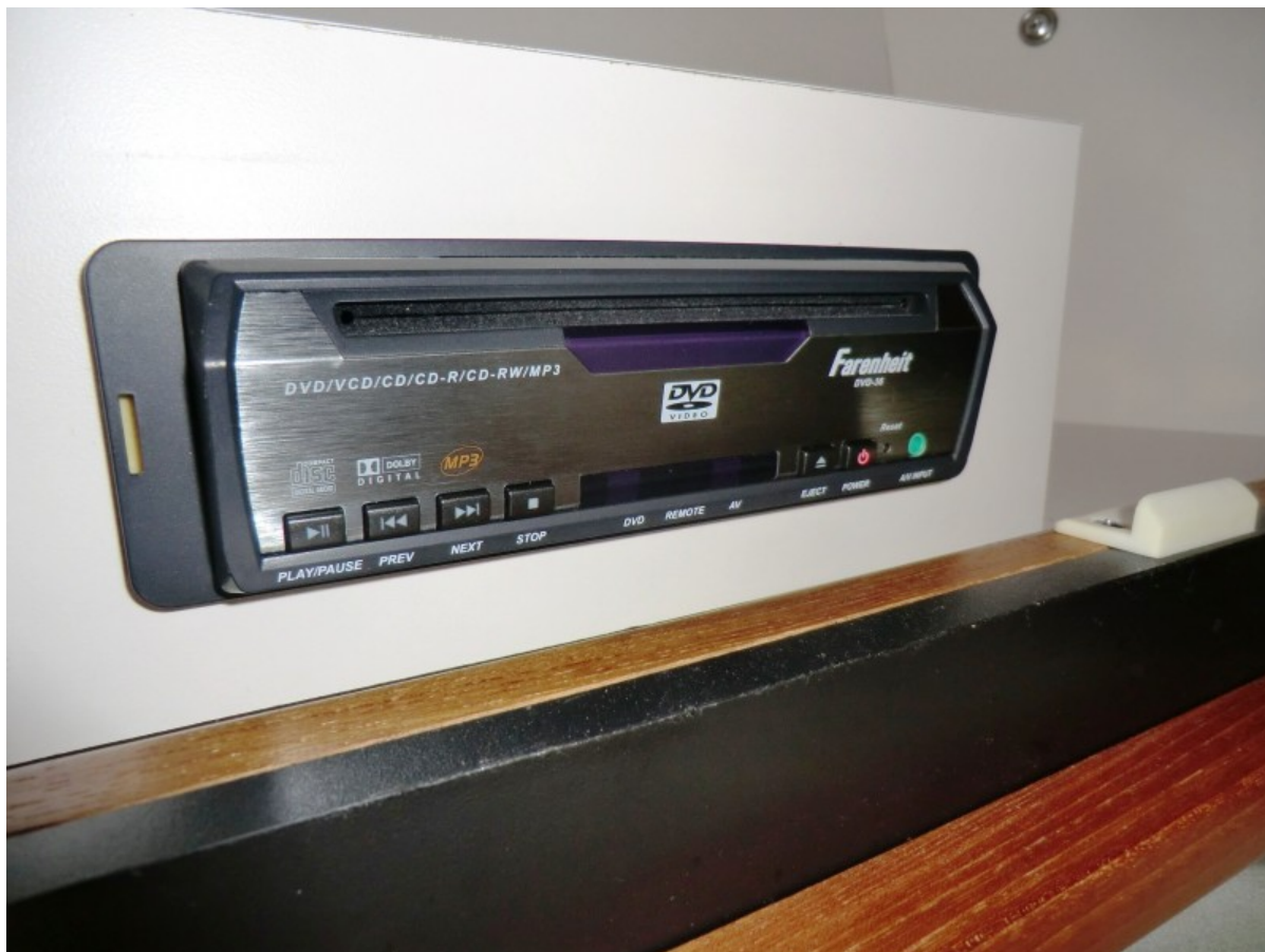
2008 3900 Tiara Sovran Entertainment
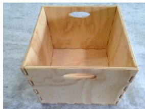
The finished item.

Finally, stand the item so it is ready to accept the final piece. Using the mallet tap into place starting at one corner and progressing around the panel until properly clicked home.

— Task goal —
Everything in the listing should be copied exactly, apart from the images it holds.

— Solution to the problem —
2008 3900 Tiara Sovran Entertainment
The finished item.

Finally, stand the item so it is ready to accept the final piece. Using the mallet tap into place starting at one corner and progressing around the panel until properly clicked home.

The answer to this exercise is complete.